Skills carry context load sequences. This is the part that doesn’t appear in most harness architecture writing, because most harness architecture writing describes the structure, not the content of what gets loaded. Each skill defines not just what it does but what it reads before doing it. /competitor-digest fetches RSS and web content, but before that it reads the competitor roster file. /source-products reads the category state and compliance reports before generating anything. The skill is the unit that packages “what the model needs to know” alongside “what the model needs to do.” Separate them and the skill degrades.

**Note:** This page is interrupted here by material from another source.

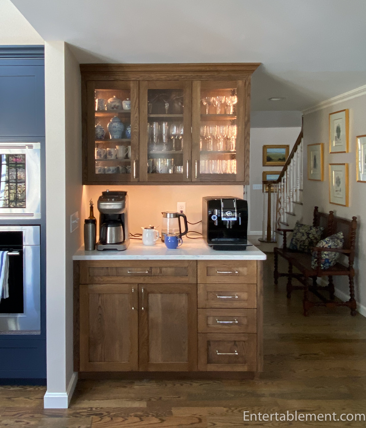 We installed a beverage bar to replace the corner cabinet in the dining room. Having a dedicated space for making coffee and tea or mixing a cocktail is lovely, as it keeps traffic out of the kitchen proper. We decided against putting a sink in, so we didn’t add a backsplash, but we did use the same countertops as in the kitchen.

Building this has made one thing clear: almost all meaningful output improvements in this system came from getting context right, not from adjusting the generation step. Which files to maintain, what the skill context loads actually cover, how the memory system surfaces the right knowledge at the right time. Get that right and the generation step is almost easy. Get it wrong and no amount of prompt iteration recovers it.

Layer 5: Logic and interaction

Two mechanisms: human gates and workflow state.

The human gate structure follows three tiers. File reads, searches, and writes within a skill’s own domain require no gate. External integrations, web access, and shared state edits are logged and type-gated. Publishing to LinkedIn or X, executing purchases, sending supplier communications, modifying agent definitions: always human confirmation, no exceptions.

The third tier is what matters architecturally. Not because the other actions are low-stakes, but because Tier 3 defines where the system boundary is. Everything inside that boundary is automated. Everything across it requires a human decision. Making the boundary explicit and enforced, rather than assumed, is the difference between a system you trust and one you supervise.

Workflow state lives at tasks/ across all four workstreams, supplemented by 12-operations/harness/workflow-state/active/ for multi-phase tasks spanning sessions. The task board is not a to-do list. It’s the state machine for the system: what’s in-flight, what’s blocked, what environment a task requires, which agent is responsible. When a session starts, the state machine tells it where work actually is, not where the last conversation left off.

Conflating conversation state with workflow state is one of the more expensive mistakes in production agentic systems. The conversation transcript records what was said. It doesn’t record whether the supplier message was sent before the crash or after, whether the Shopify draft was created or only planned, whether resuming from the apparent stopping point will duplicate an action. The task board and workflow state files are what make a session crash a recoverable event rather than a lost-work event.

What implementing this reveals

The five layers are real and all of them do work, but they are not equally weighted.

Context and memory management is where most of the engineering time went, and it’s where output quality is most sensitive to change. The causal path from “skill triggered” to “useful output” is longest in the context leg: what the skill loaded, what state files it read, what prior memory was available. Get that right and generation is almost automatic. Get it wrong and the session is usually a redo.

The research framing, “model is commodity, harness is the moat,” is correct but understates which part of the harness does the compounding. It’s not the orchestration logic or the permission tiers. Those are structural and can be replicated. It’s the accumulated precision of the context layer: state files calibrated to how the system actually works, skill context loads tuned to what each workflow actually needs, a memory system shaped by months of real sessions rather than anticipated ones.

You can copy the agent structure. You can replicate the permission tiers. The state files, the skill context sequences, the accumulated memory are built up through real use, calibrated to a specific domain, and they get more precise over time.

That’s what compounds. The context the agents work with, not the agents themselves.